Ignoring every picture, transcribe the data in full as it stands.

☆ ☆ ☆ ☆ ☆

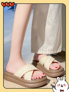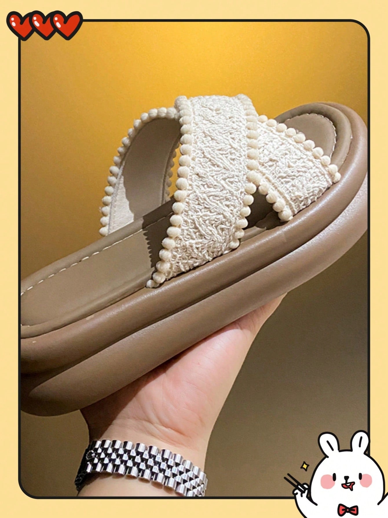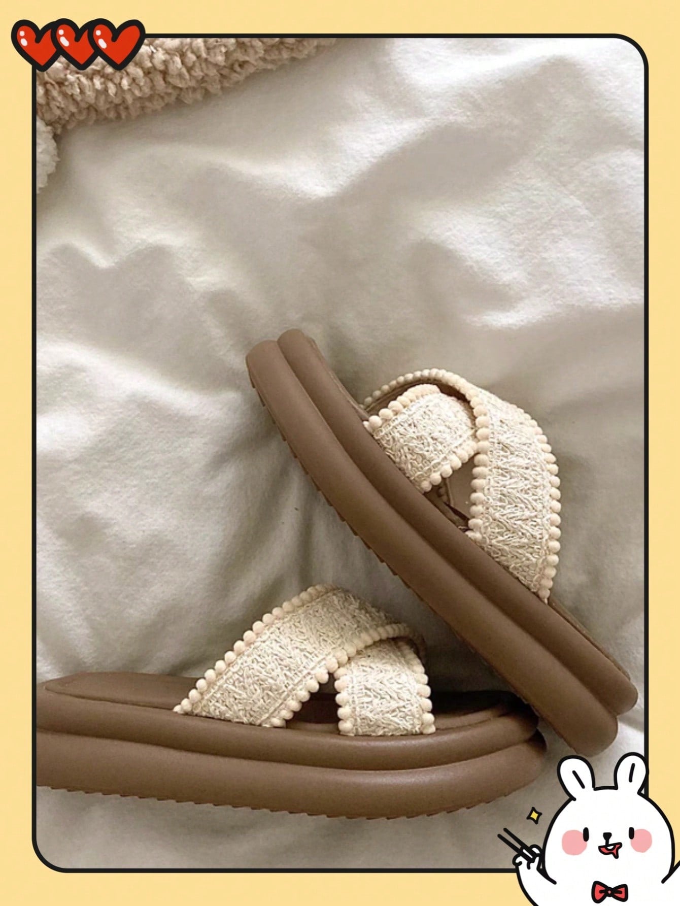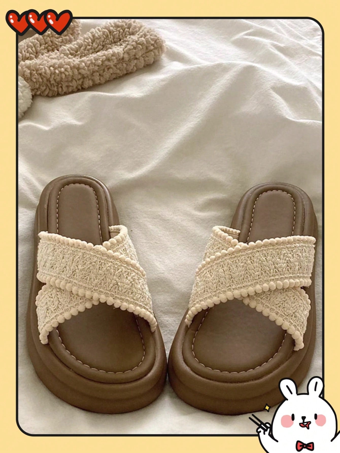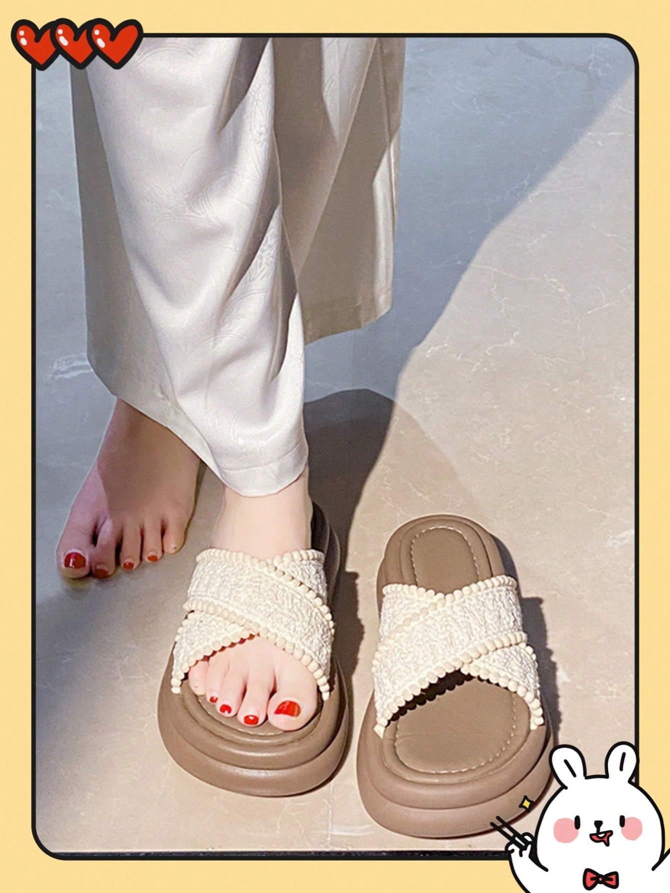 women 1 Pair Beige 4cm Platform Slip-On Sandals For Women Size 35-40
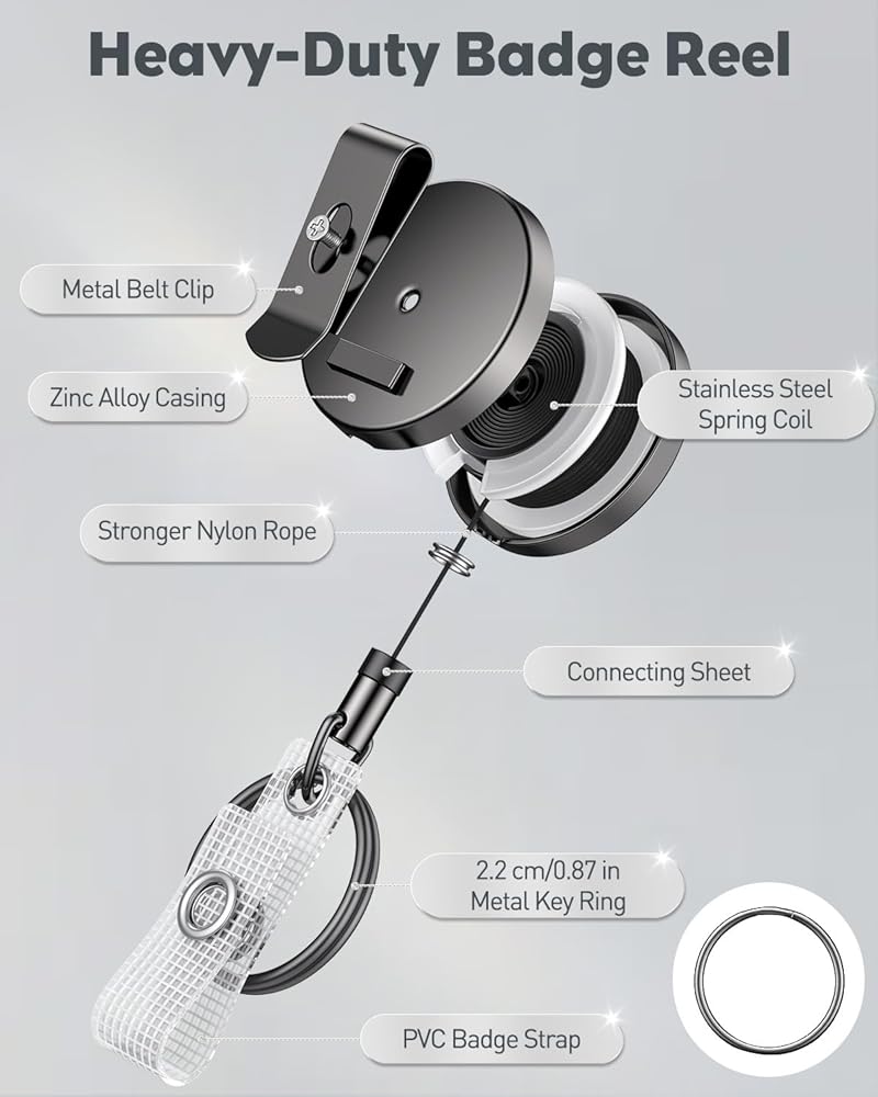 Retractable Badge Reel: Reliable built-in stainless steel spring coils with strong retraction force. Ideally endure pulls over 10,000 times and hold up to 11 oz without falling
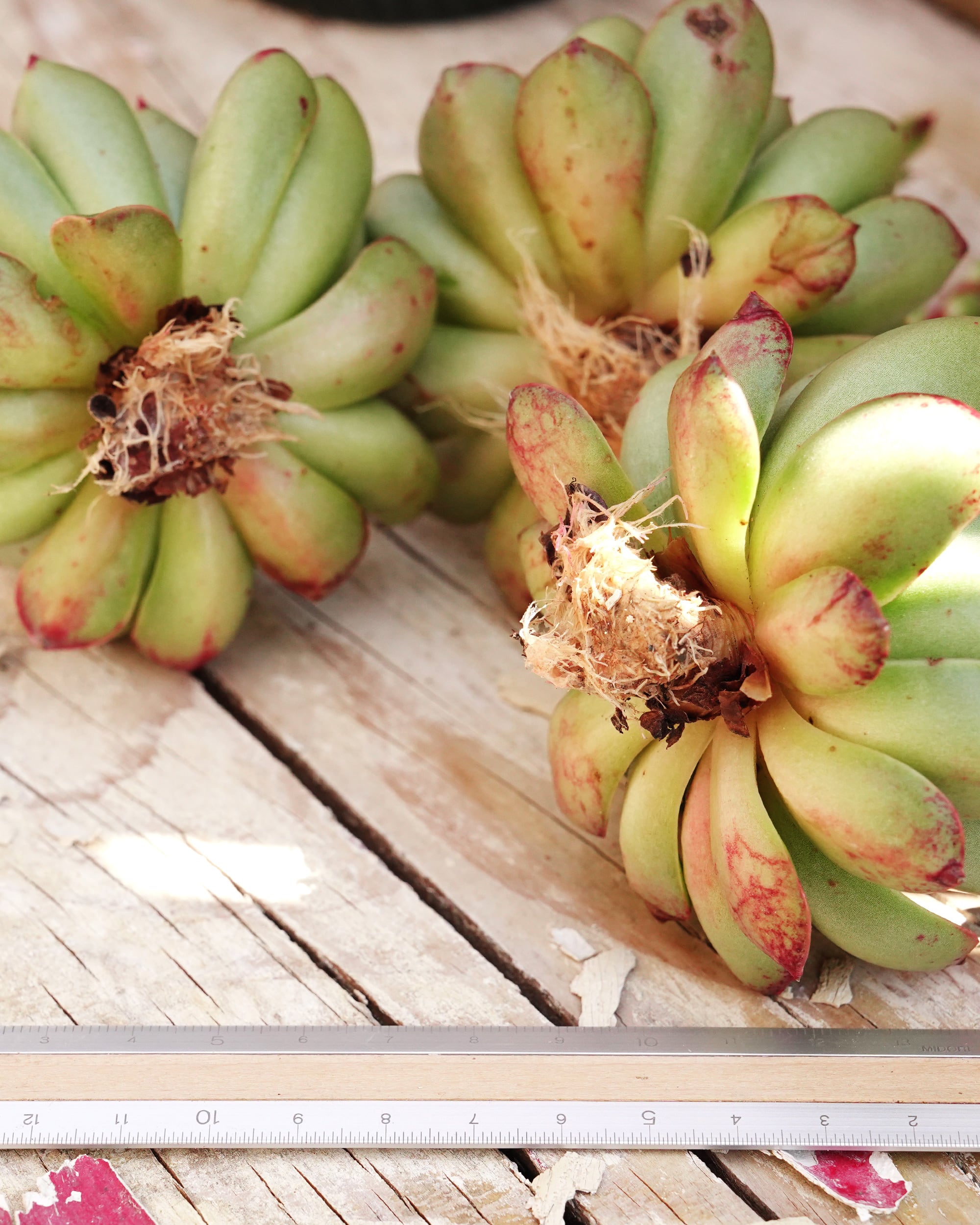 ※カット苗です。未発根で、土はついていません。鉢は撮影用に置いているだけで基本的に鉢植え管理はしていません。発根管理についてはPUKUBOOKコラムを参考にしていただければと思います。
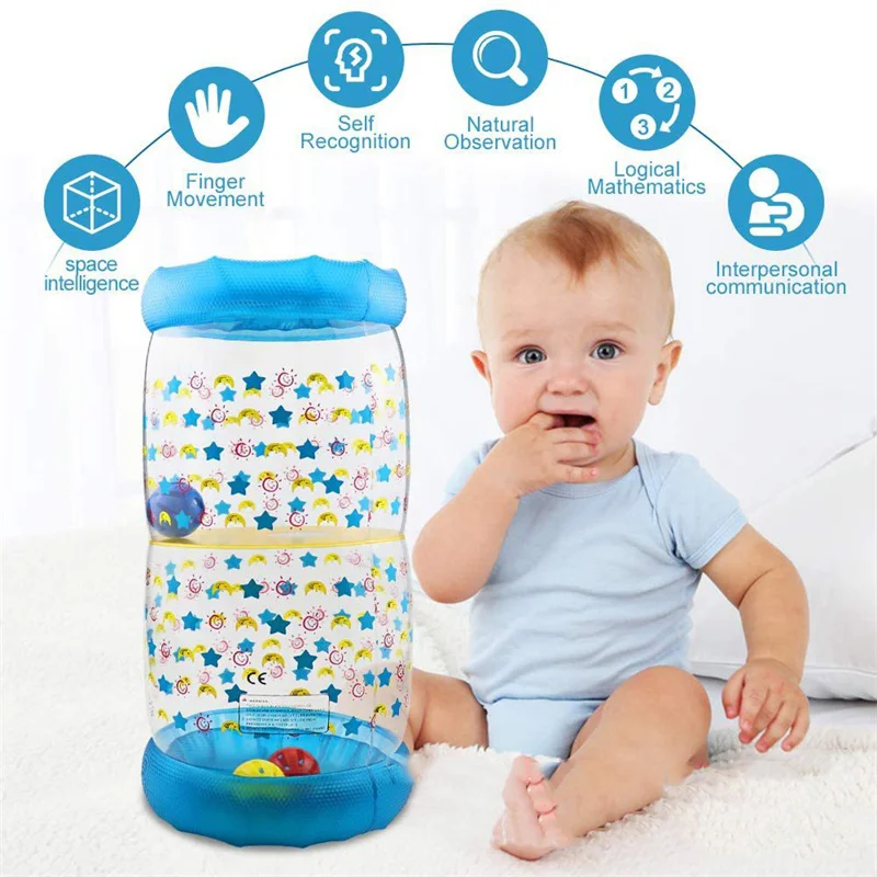 Надувной валик для ползания, детские игрушки с шарами-погремушками для раннего развития, детские погремушки из ПВХ, погремушки Монтессори, игрушки для малышей
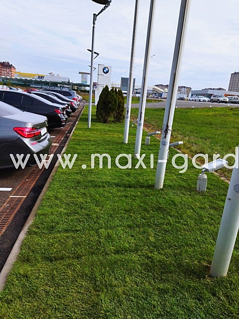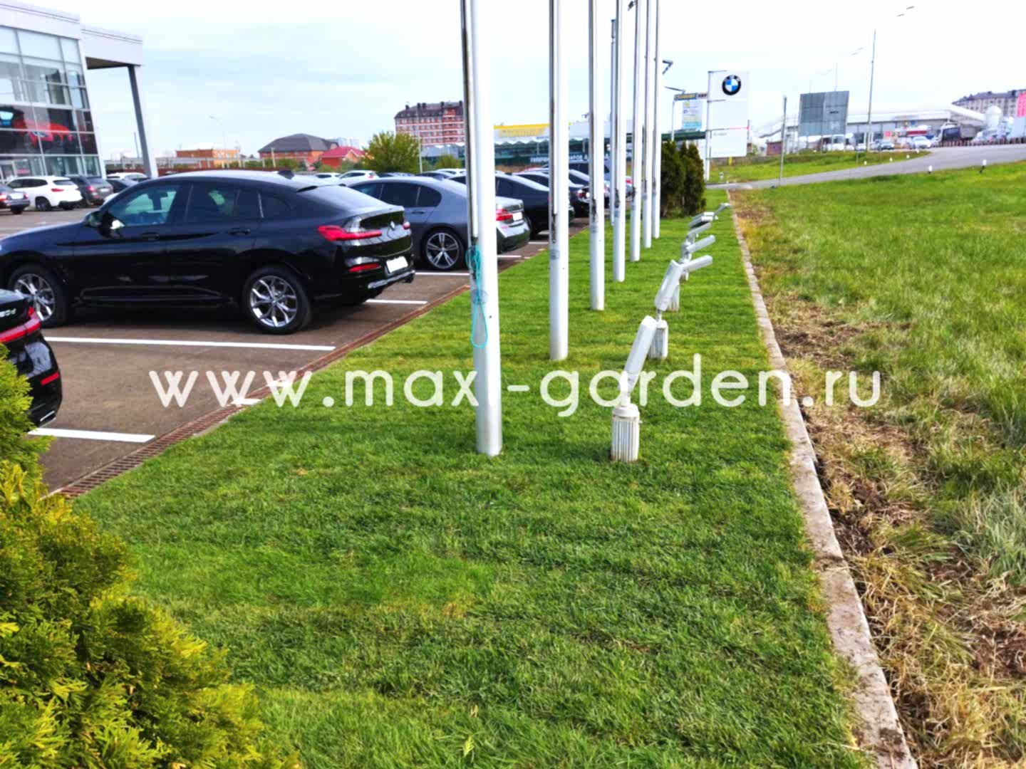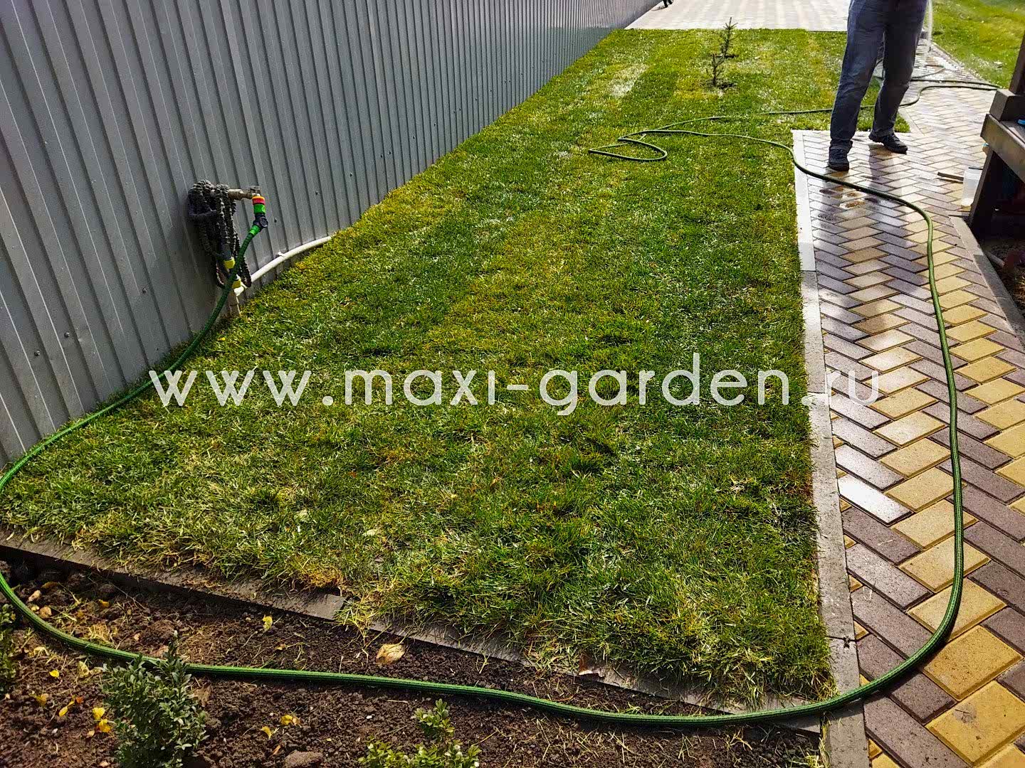 Снятие старого газона, укладка Pin-Up газона у бассейна, ревизия системы автоматического полива

☆ ☆ ☆ ☆ ☆

▶ [Worked solution]:
 women 1 Pair Beige 4cm Platform Slip-On Sandals For Women Size 35-40
 Retractable Badge Reel: Reliable built-in stainless steel spring coils with strong retraction force. Ideally endure pulls over 10,000 times and hold up to 11 oz without falling
 ※カット苗です。未発根で、土はついていません。鉢は撮影用に置いているだけで基本的に鉢植え管理はしていません。発根管理についてはPUKUBOOKコラムを参考にしていただければと思います。
 Надувной валик для ползания, детские игрушки с шарами-погремушками для раннего развития, детские погремушки из ПВХ, погремушки Монтессори, игрушки для малышей
 Снятие старого газона, укладка Pin-Up газона у бассейна, ревизия системы автоматического полива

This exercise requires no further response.